Transportation Minister Glen Murray told CTV news this week that the government acknowledges everyone is using a handheld device and it’s time to re-examine the penalties relating to their use on the road. …”

Click here to read the full article as seen on www.wheels.ca.

Adult children worried about senior parents' driving, but often unwilling to discuss it


More than half of adult children of seniors included in a new survey said they were concerned about their parents’ driving abilities, but far fewer are actually having conversations about it.

Liberty Mutual Insurance in the U.S. reported that 55% of “baby boomers” expressed concern over their senior parents’ driving, but only 23% are having conversations with their parents about it. Further, 29% said they are likely to avoid the conversation entirely.

“Nine in 10 boomer children of senior drivers think it is important to have driving conversations with their aging parents, but few are taking action – thus, not addressing potential safety risks on the roads,” noted David Melton, driving safety expert with Liberty Mutual Insurance and managing director of global safety.
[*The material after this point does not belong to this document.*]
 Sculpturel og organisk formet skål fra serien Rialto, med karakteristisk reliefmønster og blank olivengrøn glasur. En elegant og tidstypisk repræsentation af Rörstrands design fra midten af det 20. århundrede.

Boomer children cite the following as top concerns associated with their senior parents” driving:

  • Poor eyesight: 47%
  • Drives too slow: 38%
  • Poor hearing: 30%
  • Drives distracted: 25%

Those concerns are valid, Liberty Mutual says, with 17% of all U.S. traffic fatalities happening to older individuals, according to the U.S. Department of Transportation. In 2011, 5,401 people aged 65 and older were killed and 185,000 were injured in motor vehicle traffic crashes.

Still, less than half (38%) of boomer children of senior drivers think that their parents will understand and be open to a discussion about giving up driving, according to Liberty Mutual.
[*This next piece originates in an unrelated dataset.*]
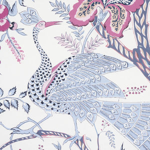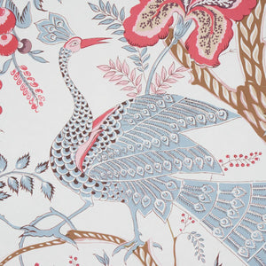 Inspired by 19th-century Indian textiles, Aveline is inhabited by regal peacocks and an undulating flowering vine, both rendered with fanciful, delicate details.

Most of the boomer children fear the outcome will be negative, predicting the following reactions:

  • 46% think their parents will be angry or hurt
  • 31% think their parents will say it is too hard to find other modes of transportation
  • 22% think their parents will be more determined to keep driving

“Aging is an inevitable occurrence that has several implications,” added Melton. “It”s important that we recognize that age can bring changes that impact one”s driving abilities. Each individual situation is unique, which is why Liberty Mutual Insurance encourages boomer children to talk openly with their parents about driving.”

Original Article: http://www.canadianunderwriter.ca/news/adult-children-worried-about-senior-parents-driving-but-often-unwilling-to-discuss-it/1002630155/?ref=rss&ctid=1002630155

Winning one for Their Opportunity Kids

A huge thank you goes out the Their Opportunity Minor Sports Corporation, for once again putting on a tremendous ball

Team Roughley winners of the 2013 Their Opportunity Ball Hockey Tournament

hockey tournament benefiting the children of our community and our region. The 2013 event drew players from across Du kan ogsa finne noen norske spill som for eksempel Mega Joker og Jackpot 6000 pa dette casinoet . the GTA, and our very own Shane Terry brought a team to represent Roughley Insurance Brokers Ltd. in the tournament.

With an emphasis on fun, Team Roughley, along with their Their Opportunity Kid Dominic Clarke, nonetheless brought the heat and ended up winning the tournament. A win by Team Roughley means that Dominic will receive sponsorship from Their Opportunity for the next two hockey seasons. Congratulations Dominic!